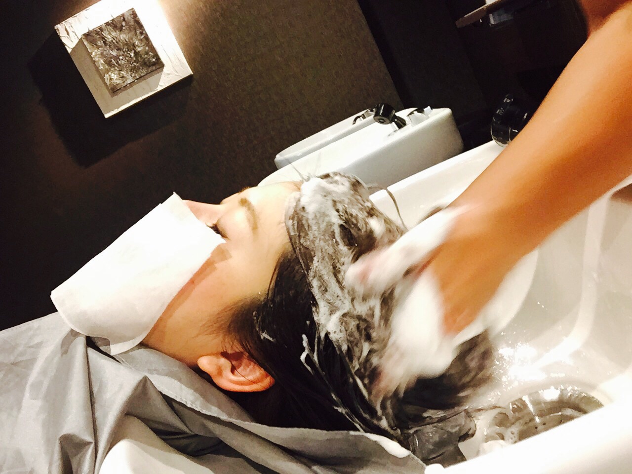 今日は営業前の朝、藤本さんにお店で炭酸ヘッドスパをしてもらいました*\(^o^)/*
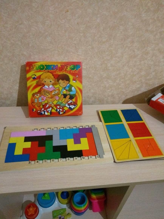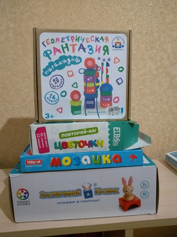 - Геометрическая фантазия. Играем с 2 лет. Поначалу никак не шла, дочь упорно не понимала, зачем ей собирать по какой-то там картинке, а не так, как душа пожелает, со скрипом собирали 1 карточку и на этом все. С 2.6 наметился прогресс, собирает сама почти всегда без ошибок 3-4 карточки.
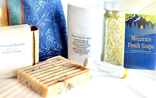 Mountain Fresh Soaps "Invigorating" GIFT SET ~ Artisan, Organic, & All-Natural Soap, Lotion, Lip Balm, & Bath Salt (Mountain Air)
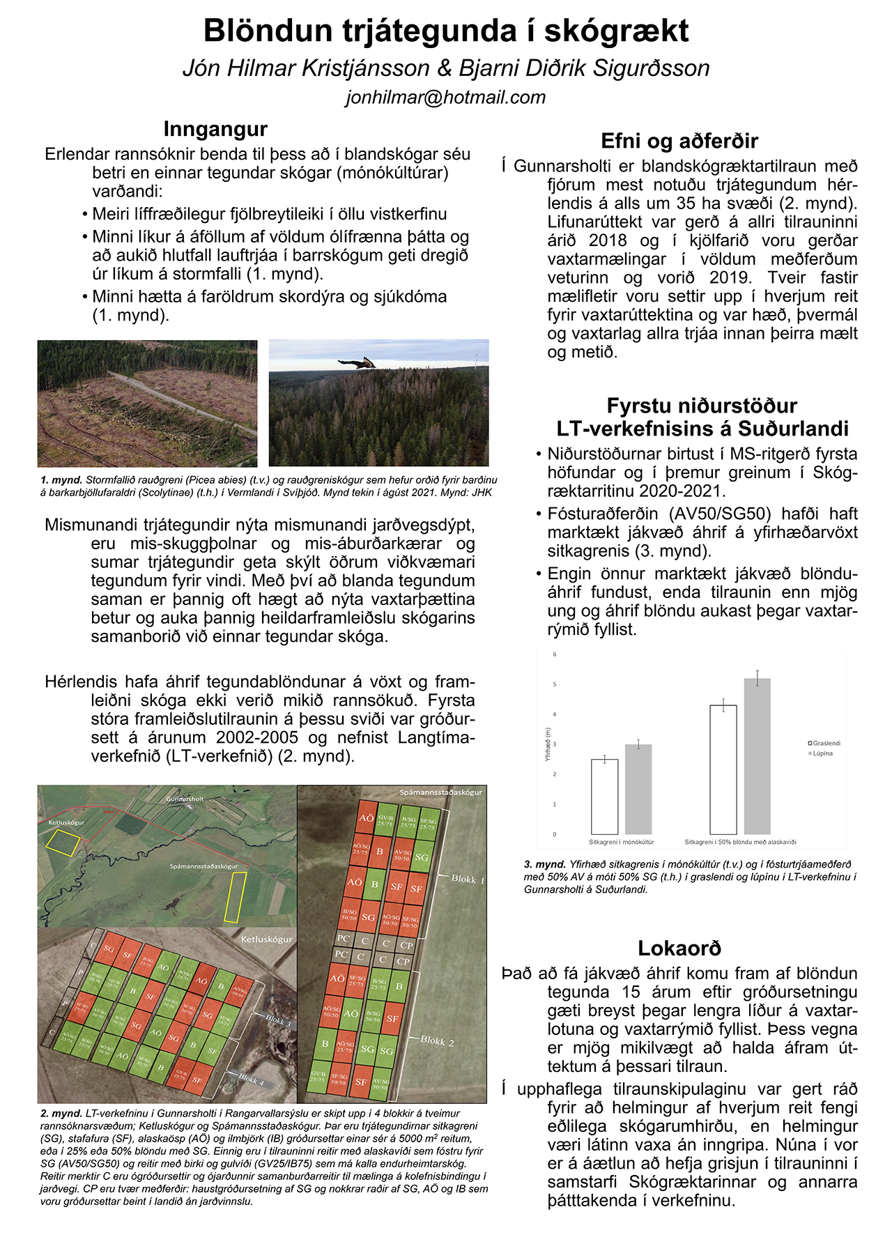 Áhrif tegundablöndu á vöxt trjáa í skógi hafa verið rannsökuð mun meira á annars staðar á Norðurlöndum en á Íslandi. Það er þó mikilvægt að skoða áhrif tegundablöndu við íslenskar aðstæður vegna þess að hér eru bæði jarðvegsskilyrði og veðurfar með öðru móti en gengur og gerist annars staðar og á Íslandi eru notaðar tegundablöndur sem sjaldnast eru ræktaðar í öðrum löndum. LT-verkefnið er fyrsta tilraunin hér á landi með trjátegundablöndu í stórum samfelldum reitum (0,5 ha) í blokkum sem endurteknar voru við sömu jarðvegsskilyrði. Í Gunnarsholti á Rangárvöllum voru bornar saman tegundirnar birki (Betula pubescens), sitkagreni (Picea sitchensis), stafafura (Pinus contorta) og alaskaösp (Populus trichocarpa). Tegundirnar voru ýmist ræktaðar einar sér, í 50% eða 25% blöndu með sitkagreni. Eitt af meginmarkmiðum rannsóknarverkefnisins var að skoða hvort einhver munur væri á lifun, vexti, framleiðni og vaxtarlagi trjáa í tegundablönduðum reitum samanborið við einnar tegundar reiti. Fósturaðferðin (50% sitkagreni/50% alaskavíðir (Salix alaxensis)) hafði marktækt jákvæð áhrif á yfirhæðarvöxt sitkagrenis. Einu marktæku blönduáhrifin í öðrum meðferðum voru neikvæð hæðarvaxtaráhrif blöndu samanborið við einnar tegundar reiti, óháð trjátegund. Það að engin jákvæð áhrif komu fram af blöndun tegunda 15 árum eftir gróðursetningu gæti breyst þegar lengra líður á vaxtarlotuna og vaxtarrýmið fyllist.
_ _ _ _ _
* [Instructions to follow]: From the line containing "Mountain Fresh Soaps" to the last line of the material, every line is to be reproduced exactly. No picture belongs in the copy.

* [Your response]:
 Mountain Fresh Soaps "Invigorating" GIFT SET ~ Artisan, Organic, & All-Natural Soap, Lotion, Lip Balm, & Bath Salt (Mountain Air)
 Áhrif tegundablöndu á vöxt trjáa í skógi hafa verið rannsökuð mun meira á annars staðar á Norðurlöndum en á Íslandi. Það er þó mikilvægt að skoða áhrif tegundablöndu við íslenskar aðstæður vegna þess að hér eru bæði jarðvegsskilyrði og veðurfar með öðru móti en gengur og gerist annars staðar og á Íslandi eru notaðar tegundablöndur sem sjaldnast eru ræktaðar í öðrum löndum. LT-verkefnið er fyrsta tilraunin hér á landi með trjátegundablöndu í stórum samfelldum reitum (0,5 ha) í blokkum sem endurteknar voru við sömu jarðvegsskilyrði. Í Gunnarsholti á Rangárvöllum voru bornar saman tegundirnar birki (Betula pubescens), sitkagreni (Picea sitchensis), stafafura (Pinus contorta) og alaskaösp (Populus trichocarpa). Tegundirnar voru ýmist ræktaðar einar sér, í 50% eða 25% blöndu með sitkagreni. Eitt af meginmarkmiðum rannsóknarverkefnisins var að skoða hvort einhver munur væri á lifun, vexti, framleiðni og vaxtarlagi trjáa í tegundablönduðum reitum samanborið við einnar tegundar reiti. Fósturaðferðin (50% sitkagreni/50% alaskavíðir (Salix alaxensis)) hafði marktækt jákvæð áhrif á yfirhæðarvöxt sitkagrenis. Einu marktæku blönduáhrifin í öðrum meðferðum voru neikvæð hæðarvaxtaráhrif blöndu samanborið við einnar tegundar reiti, óháð trjátegund. Það að engin jákvæð áhrif komu fram af blöndun tegunda 15 árum eftir gróðursetningu gæti breyst þegar lengra líður á vaxtarlotuna og vaxtarrýmið fyllist.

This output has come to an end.